Is there any need for a hood if I have a helmet and neck gaiter/facemask? I see some people wearing hoods over helmets and I don't understand why, or even how (since all 3 of my hoods don't even fit over my helmet).


----------



## Peyto (Mar 21, 2012)

Ride a chair when the temp is below -10C/14F with a wind, then you'll understand. That wind has a way of finding every exposed area around your neck and face so throwing the hood over the helmet (most jackets have helmet compatible hoods nowadays) blocks it out.


----------



## Donutz (May 12, 2010)

I've never pulled a hood over my helmet. I think it's just personal preference.


----------



## Skinny Bam (Sep 7, 2012)

Only when its cold and windy as fuck...wind chill is one of our worst enemies. This is also when having a baggier jacket comes in handy because if not you might have issues fitting your hood over the helmet.

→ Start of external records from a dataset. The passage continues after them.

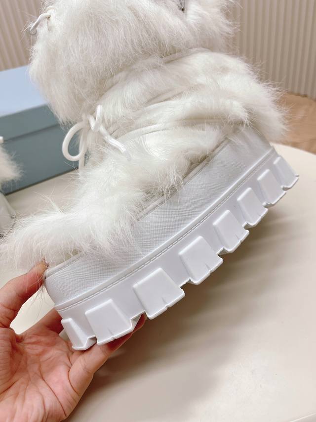 出厂价pp: DDD 最新款普拉达:雪地靴 DDD 涂珐琅三角形金属徽标 DDD 靴筒:14厘米 DDD 厚底,50毫米 DDD 凹凸纹1:1原版大底 DDD 凹口沿条 DDD 颜色:4 DDD 码数:35-42 41.42定做 DDD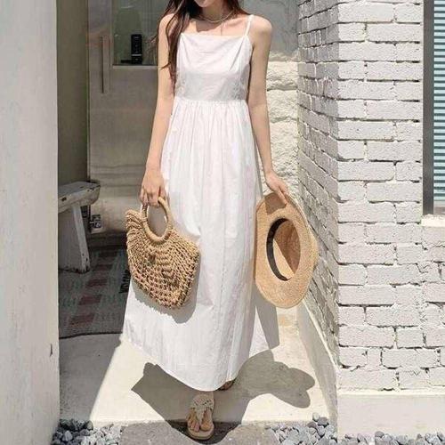 여성 롱원피스 사이즈 나시 홀 브이넥 휴양지 뷔스티에 여름 LLD153 S 원피스 끈나시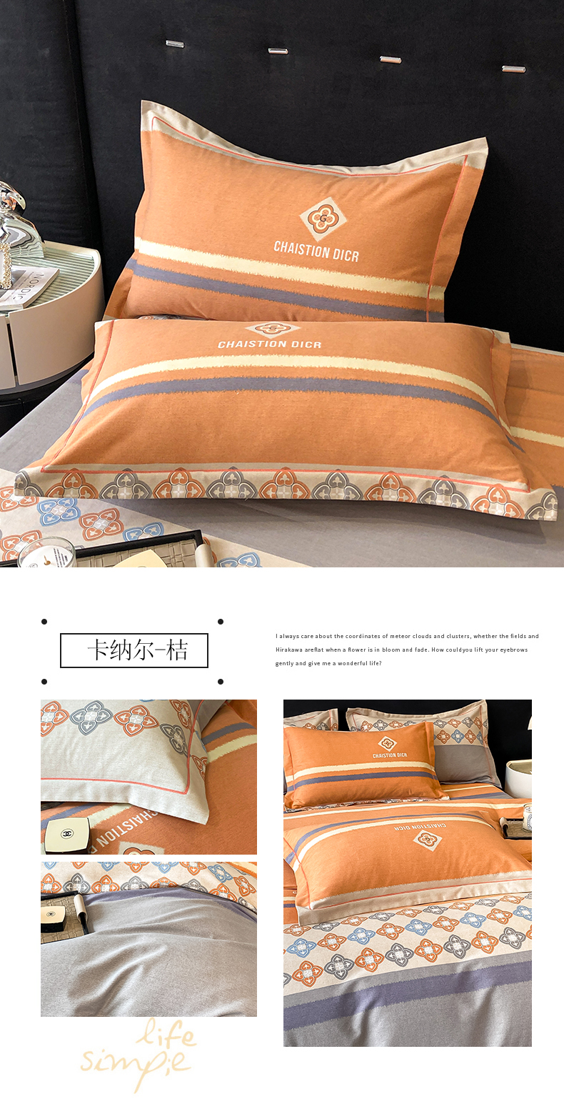 商品名称:铭成 2024新款全棉生态喷气加厚磨毛单品枕套 卡纳尔-桔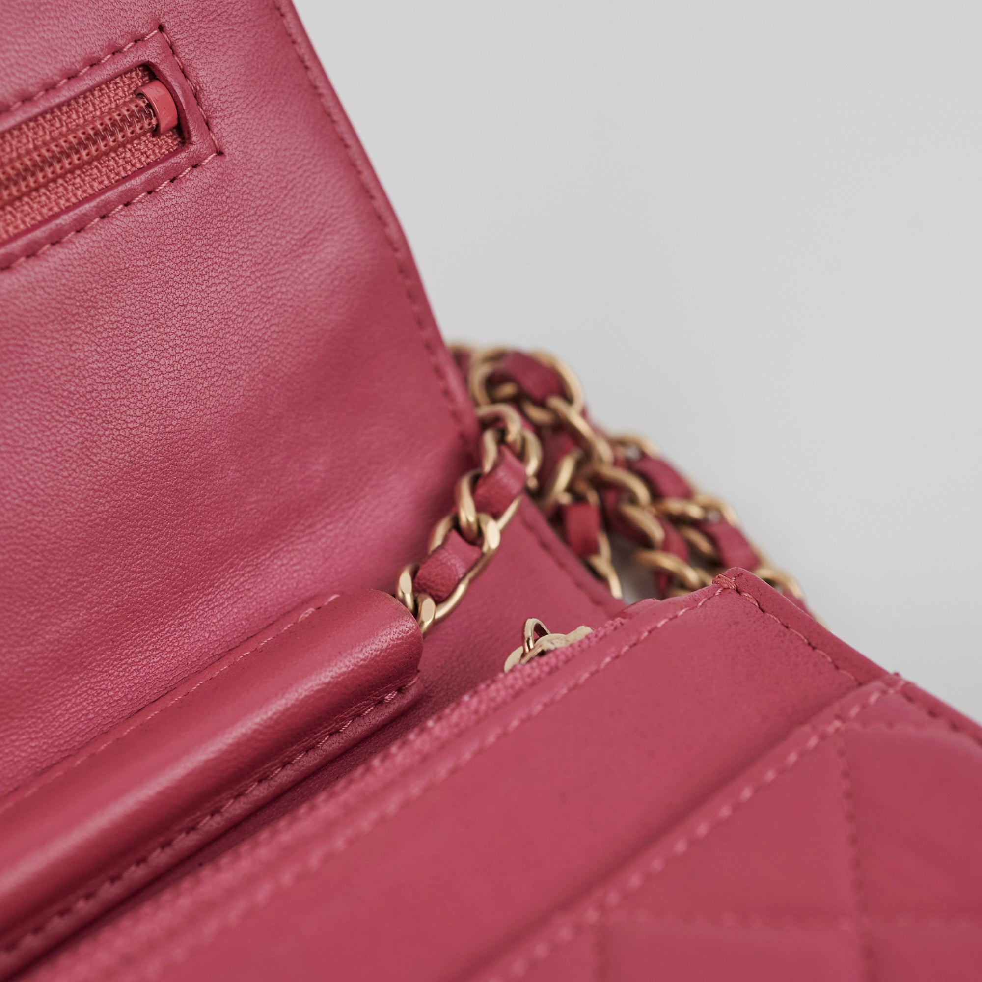 Indents under the flap from zipper (unavoidable), base slightly soften, minor nail marks exterior, rubbing on corners, clean inside and out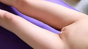 Yoga in the nude. Regina Noir. In the gym, a woman wearing white underwear does yoga. Complete Cam 1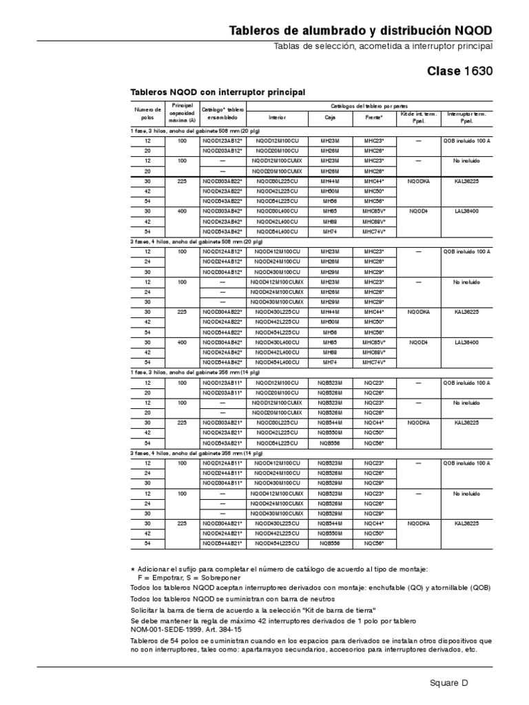 Tableros Nqod Square D PDF Electrical Engineering Manufactured Goods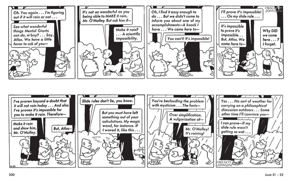 Crockett Johnson’s outlandish regimented 4-panel daily was the brainchild of a man who didn’t particularly care for comics, but who – according to preeminent strip historian Ron Goulart – just wanted steady employment. David Johnson Leisk (October 20th 1906 – July 11th 1975) was an ardent socialist; passionate anti-fascist; gifted artisan and brilliant designer who had spent much of his working life as a commercial artist, Editor and Art Director.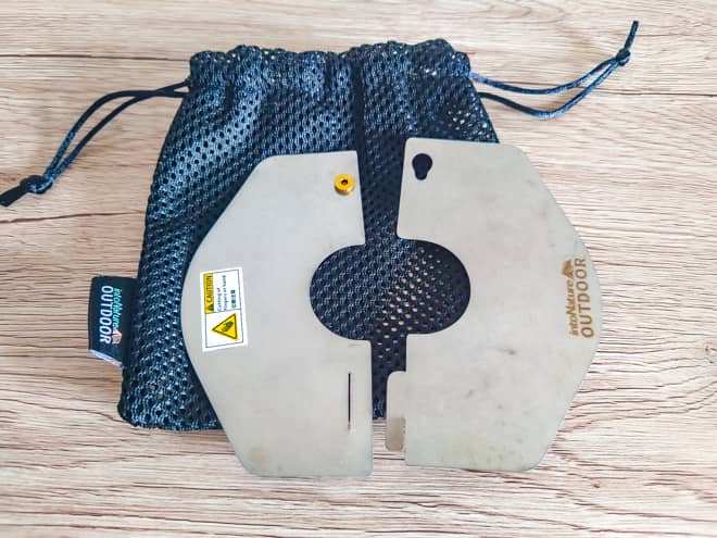 超軽量なので徒歩キャンプや登山など荷物をかなり絞る必要のある方におすすめです。筆者も十分満足しております!しかし、ヒーターアタッチメントや鉄板などを長時間使用する方は、もっと厚みのある遮熱板の方が安心感があると思います。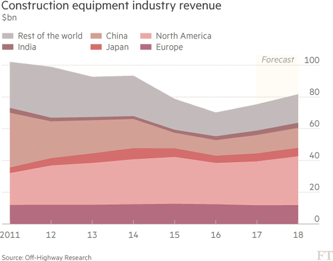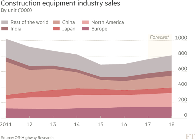 Het waren moeilijke jaren voor de bouwers van zware machines als graafmachines, bulldozers en vrachtwagens. In 2011 zakte de vraag naar dit soort machines in, omdat de weg- en wegenbouw in de welvarende landen inzakte als gevolg van de financiële crisis. Tegelijkertijd zakte ook de economische dynamiek in opkomende markten als China in. Machinebouwers als Caterpillar, Komatsu en Volvo zagen hun verkopen inzakken. Het werd nog erger, toen in de jaren 2014/2015 ook nog eens de Commodity Super Cycle hortend tot stilstand kwam.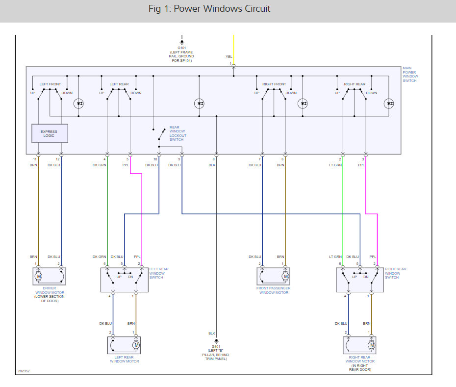 Drivers window doesnt work, regulator good, power to up motor terminal no power to down motor terminal, window goes down when buzzed with external source. Buzzed up terminal but motor did not work. Brown wire is down and blue wire is up.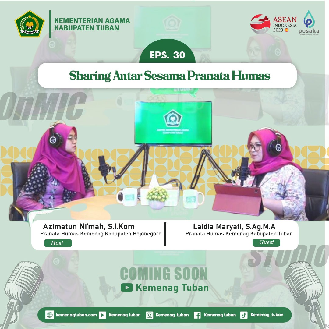 harianjatim.com- Tuban.Sering disebut sebagai ujung tombak manajemen informasi, jabatan Pranata Humas sangatlah penting keberadaannya. Laidia Maryati Pranata Humas Kementerian Agama Kabupaten Tuban menyampaikan Pranata Humas adalah ujung tombak organisasi untuk memberikan citra terbaik bagi organisasinya. “Seperti misalnya, ada sebuah kegiatan pembangunan mental ASN disini peran Humas membuat informasi mengenai hal itu untuk di publikasikan, baik melalui flayer, rilis dan juga dalam bentuk audio visual untuk membuat masyarakat mengetahui apa dan bagaimana kegiatan tersebut,” paparnya dalam tayangan podcast On Mic Studio Kemenag Tuban, Jumat (3/11/2023)

I only use it on the lift though. Ive never really liked riding with the hood on, screws with my periph's.


----------



## Peyto (Mar 21, 2012)

Skinny Bam said:


> I only use it on the lift though. Ive never really liked riding with the hood on, screws with my periph's.


:thumbsup:

It may only be on for 10 minutes total per day, but definitely worth it for those ten minutes.


----------



## Penzer (Oct 25, 2010)

If it's snowing hard hail-like chunks that are hurting my face while riding at speed, I put my hood over my helmet and the jacket will cover my cheeks without zipping up 100% of the the way to the top (which would cover my mouth).

Sometimes I also put it up on lifts if it's ridiculously cold with crazy winds.

Both situations are pretty rare, but it does happen.


----------



## OldDog (Oct 7, 2012)

onthefence said:


> Is there any need for a hood if I have a helmet and neck gaiter/facemask? I see some people wearing hoods over helmets and I don't understand why, or even how (since all 3 of my hoods don't even fit over my helmet).


unzip, pull hood over helmet, zip it back up... :cheeky4:


----------



## hktrdr (Apr 3, 2012)

Skinny Bam said:


> Only when its cold and windy as fuck...wind chill is one of our worst enemies. This is also when having a baggier jacket comes in handy because if not you might have issues fitting your hood over the helmet.
> 
> I only use it on the lift though. Ive never really liked riding with the hood on, screws with my periph's.


Agree with that. Personally hate riding with the hood up - it either interferes with my field of view or (if I cinch it tight) feels like it restricts my head movement. 
Only use the hood on the lift.
On cold and windy days I ride with a balaclava underneath my helmet to avoid any exposed spots.


----------